§ **EXERCISE GOAL**
Set the listing down again in full, word for word, with the pictures left out.

§ **INPUT DATA**
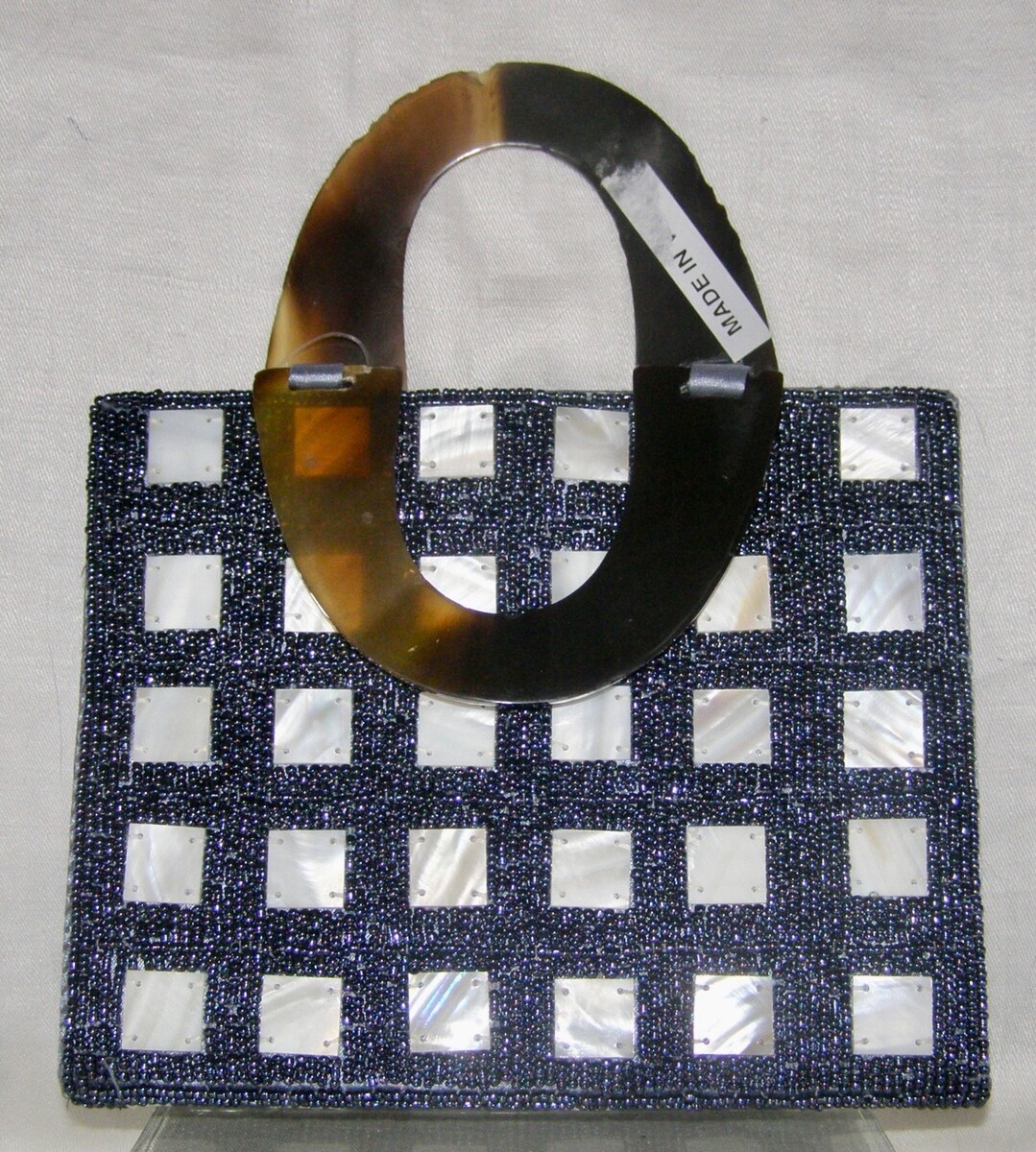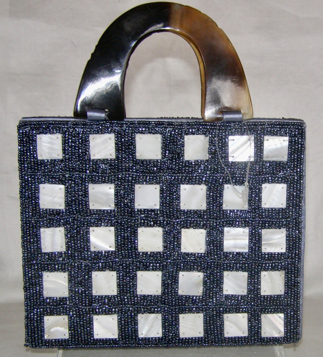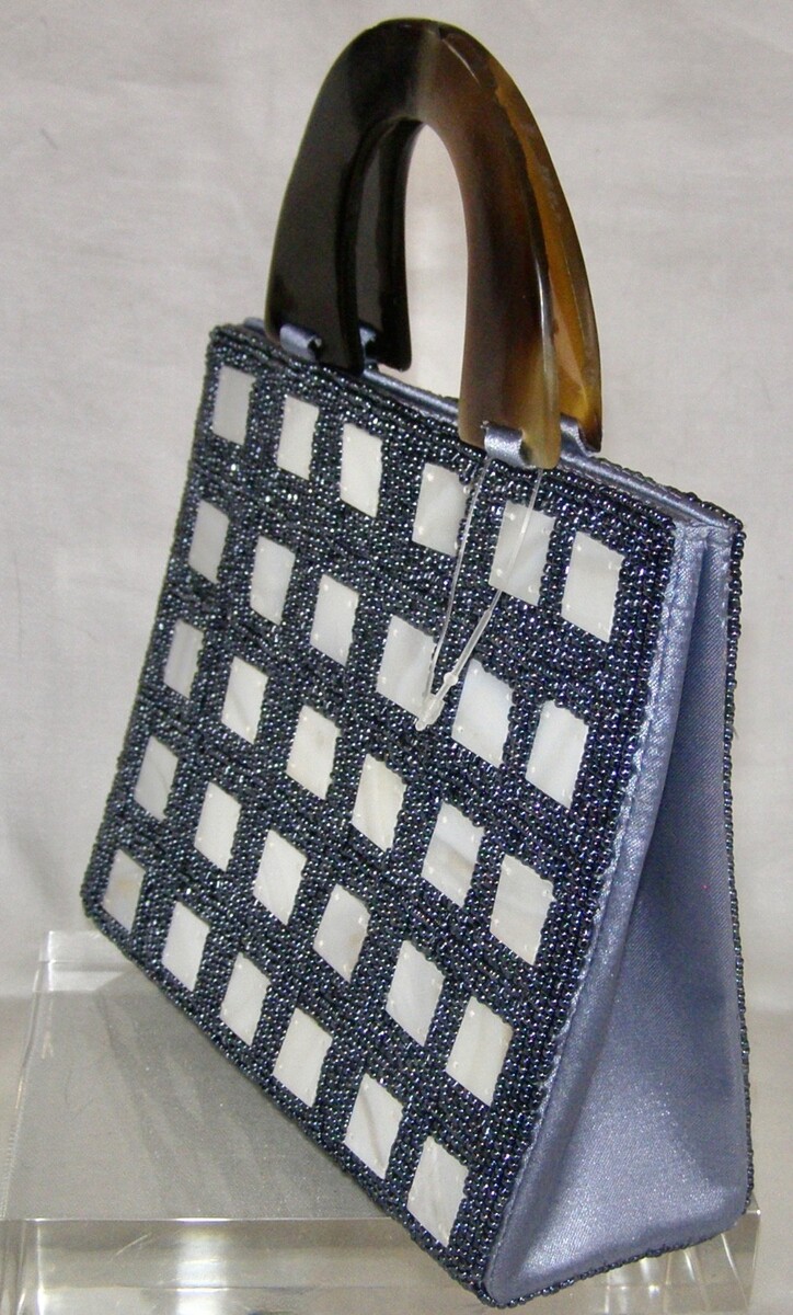 MOTHER OF PEARL + BEADED HANDBAG + TOP TORTOISE SHELL HANDLES |
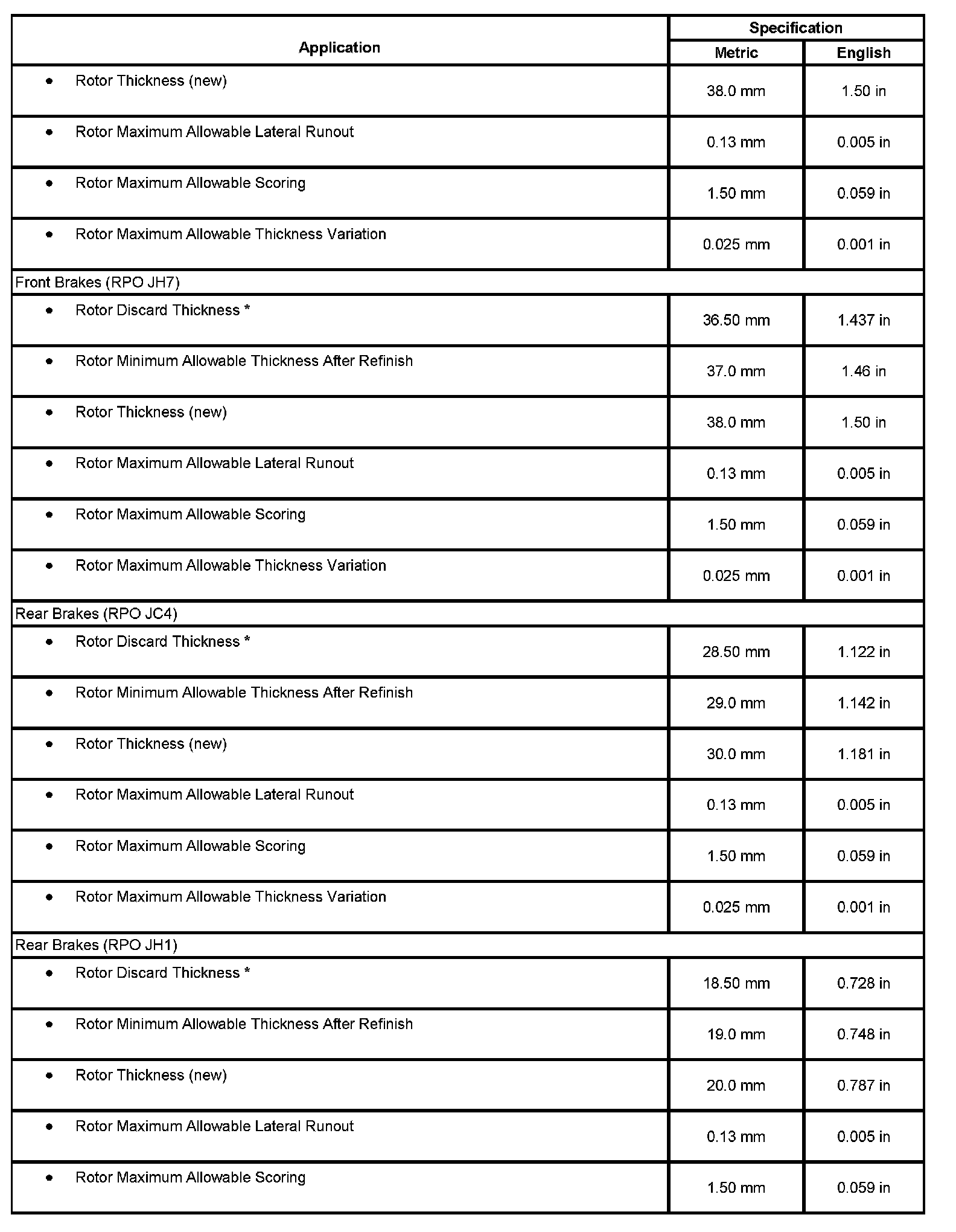 Disc Brake Component Specifications (Part 2):
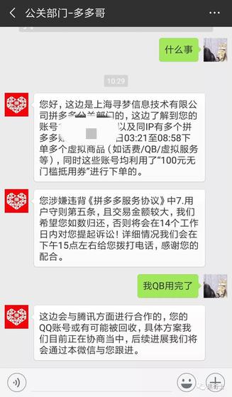 有人在微信群里晒出截图,疑似拼多多公关的人在跟撸羊毛大佬沟通,希望其返回撸的Q币,否则充值的QQ号码可能会被回收。
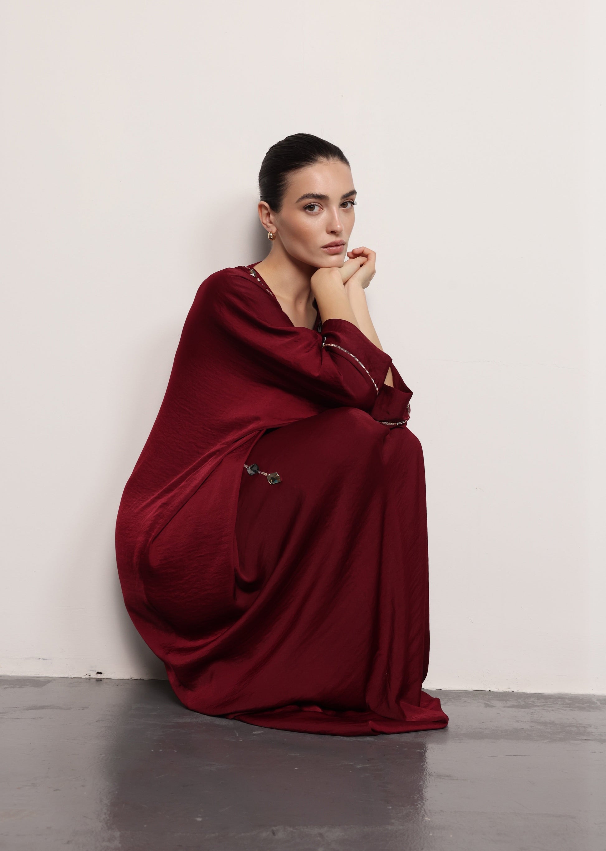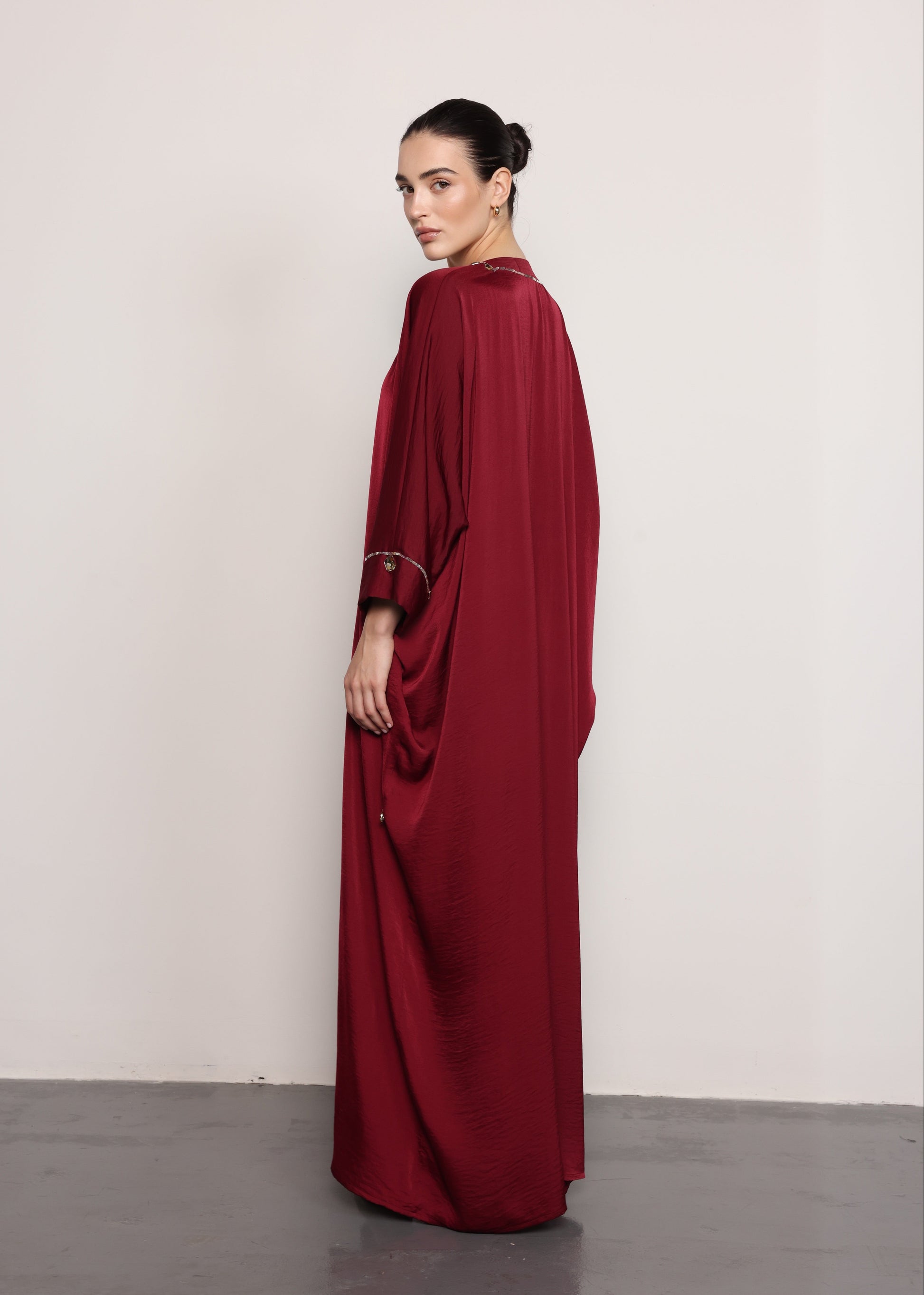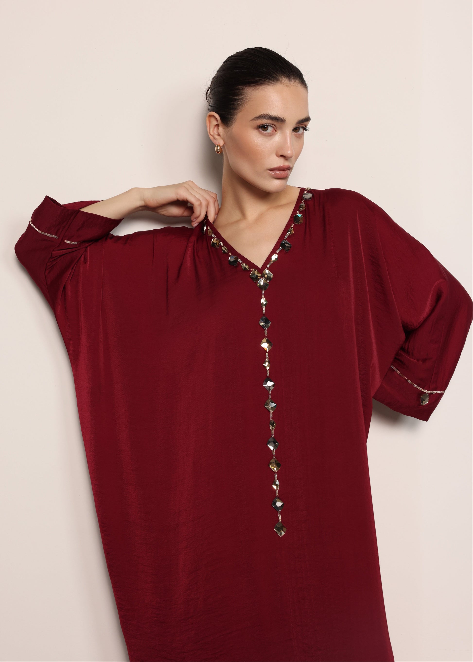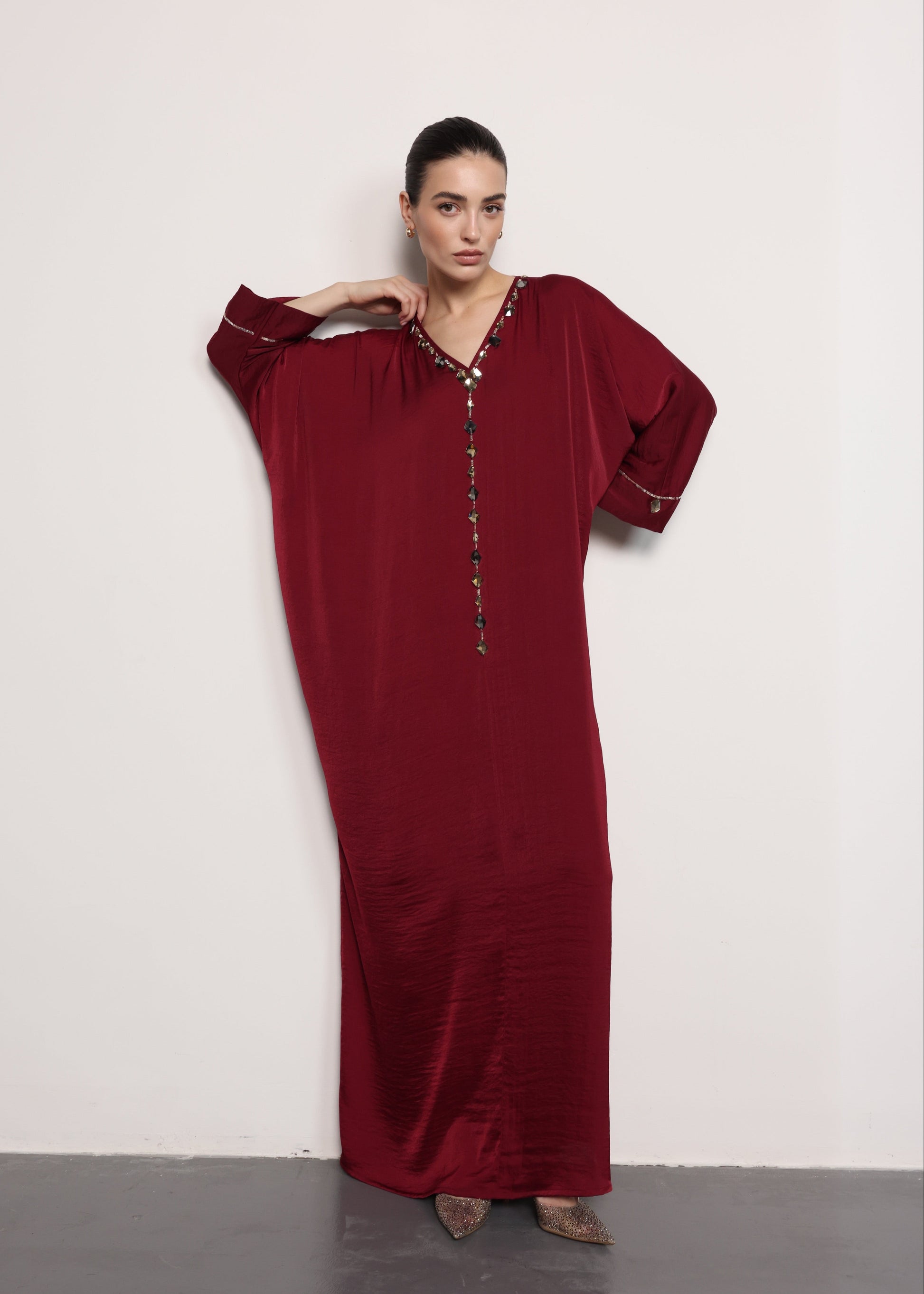 - Design Highlights: Jewel-encrusted V-neckline, long flowing silhouette, wide sleeves

§ **PROBLEM SOLUTION**
 MOTHER OF PEARL + BEADED HANDBAG + TOP TORTOISE SHELL HANDLES |
 Disc Brake Component Specifications (Part 2):
 有人在微信群里晒出截图,疑似拼多多公关的人在跟撸羊毛大佬沟通,希望其返回撸的Q币,否则充值的QQ号码可能会被回收。
 - Design Highlights: Jewel-encrusted V-neckline, long flowing silhouette, wide sleeves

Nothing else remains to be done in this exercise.